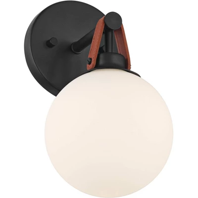 - Black finish over metal construction. White glass globe shade. Brown leather strap.
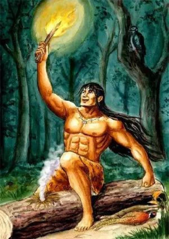“燧人氏”,发明钻木取火的方法。让人们享受到光明,让人们无须生活在黑暗中,他的事迹是对人类最初征服火的一曲颂歌。人征服了火,火磨炼了人,人成了星际间的万物之灵。
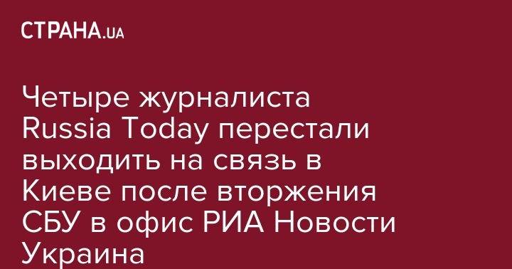 По меньшей мере четверо журналистов МИА "Россия Сегодня" в Киеве перестали выходить на связь после того, как в офис агентства ворвались сотрудники Службы безопасности Украины.

· · · ·

Your instructions: Give back an exact copy of the material above, omitting the pictures.

Exercise solution:
 - Black finish over metal construction. White glass globe shade. Brown leather strap.
“燧人氏”,发明钻木取火的方法。让人们享受到光明,让人们无须生活在黑暗中,他的事迹是对人类最初征服火的一曲颂歌。人征服了火,火磨炼了人,人成了星际间的万物之灵。
 По меньшей мере четверо журналистов МИА "Россия Сегодня" в Киеве перестали выходить на связь после того, как в офис агентства ворвались сотрудники Службы безопасности Украины.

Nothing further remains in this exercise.